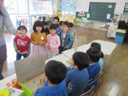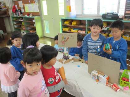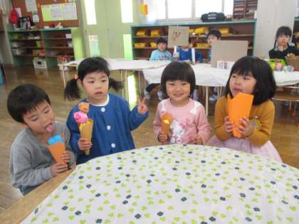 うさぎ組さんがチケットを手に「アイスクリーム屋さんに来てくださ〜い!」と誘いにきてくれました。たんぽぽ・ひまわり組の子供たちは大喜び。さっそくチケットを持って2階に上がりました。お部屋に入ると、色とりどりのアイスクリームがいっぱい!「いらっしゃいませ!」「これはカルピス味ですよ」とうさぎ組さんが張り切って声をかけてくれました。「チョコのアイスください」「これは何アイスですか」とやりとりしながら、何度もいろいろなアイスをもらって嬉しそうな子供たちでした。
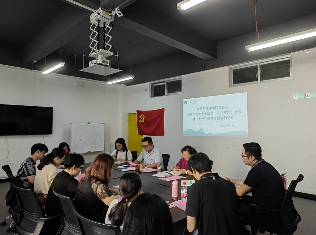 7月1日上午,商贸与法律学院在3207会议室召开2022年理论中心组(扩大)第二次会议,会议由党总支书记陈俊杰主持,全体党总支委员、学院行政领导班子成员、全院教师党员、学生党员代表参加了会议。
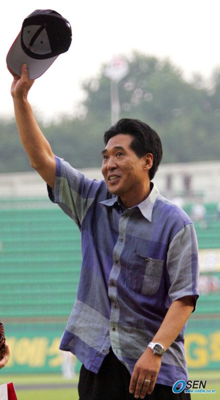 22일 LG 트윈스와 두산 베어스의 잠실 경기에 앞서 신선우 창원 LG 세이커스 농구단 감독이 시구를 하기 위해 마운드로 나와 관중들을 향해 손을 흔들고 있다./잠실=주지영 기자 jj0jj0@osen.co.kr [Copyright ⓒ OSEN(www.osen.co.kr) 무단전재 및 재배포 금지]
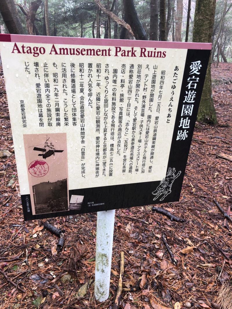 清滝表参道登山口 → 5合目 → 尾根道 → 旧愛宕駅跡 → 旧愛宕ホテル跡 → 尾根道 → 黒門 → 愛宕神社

+===+

What is required — Where pictures sit among the data above, omit them, and output the rest exactly.

Expected answer —
 うさぎ組さんがチケットを手に「アイスクリーム屋さんに来てくださ〜い!」と誘いにきてくれました。たんぽぽ・ひまわり組の子供たちは大喜び。さっそくチケットを持って2階に上がりました。お部屋に入ると、色とりどりのアイスクリームがいっぱい!「いらっしゃいませ!」「これはカルピス味ですよ」とうさぎ組さんが張り切って声をかけてくれました。「チョコのアイスください」「これは何アイスですか」とやりとりしながら、何度もいろいろなアイスをもらって嬉しそうな子供たちでした。
 7月1日上午,商贸与法律学院在3207会议室召开2022年理论中心组(扩大)第二次会议,会议由党总支书记陈俊杰主持,全体党总支委员、学院行政领导班子成员、全院教师党员、学生党员代表参加了会议。
 22일 LG 트윈스와 두산 베어스의 잠실 경기에 앞서 신선우 창원 LG 세이커스 농구단 감독이 시구를 하기 위해 마운드로 나와 관중들을 향해 손을 흔들고 있다./잠실=주지영 기자 jj0jj0@osen.co.kr [Copyright ⓒ OSEN(www.osen.co.kr) 무단전재 및 재배포 금지]
 清滝表参道登山口 → 5合目 → 尾根道 → 旧愛宕駅跡 → 旧愛宕ホテル跡 → 尾根道 → 黒門 → 愛宕神社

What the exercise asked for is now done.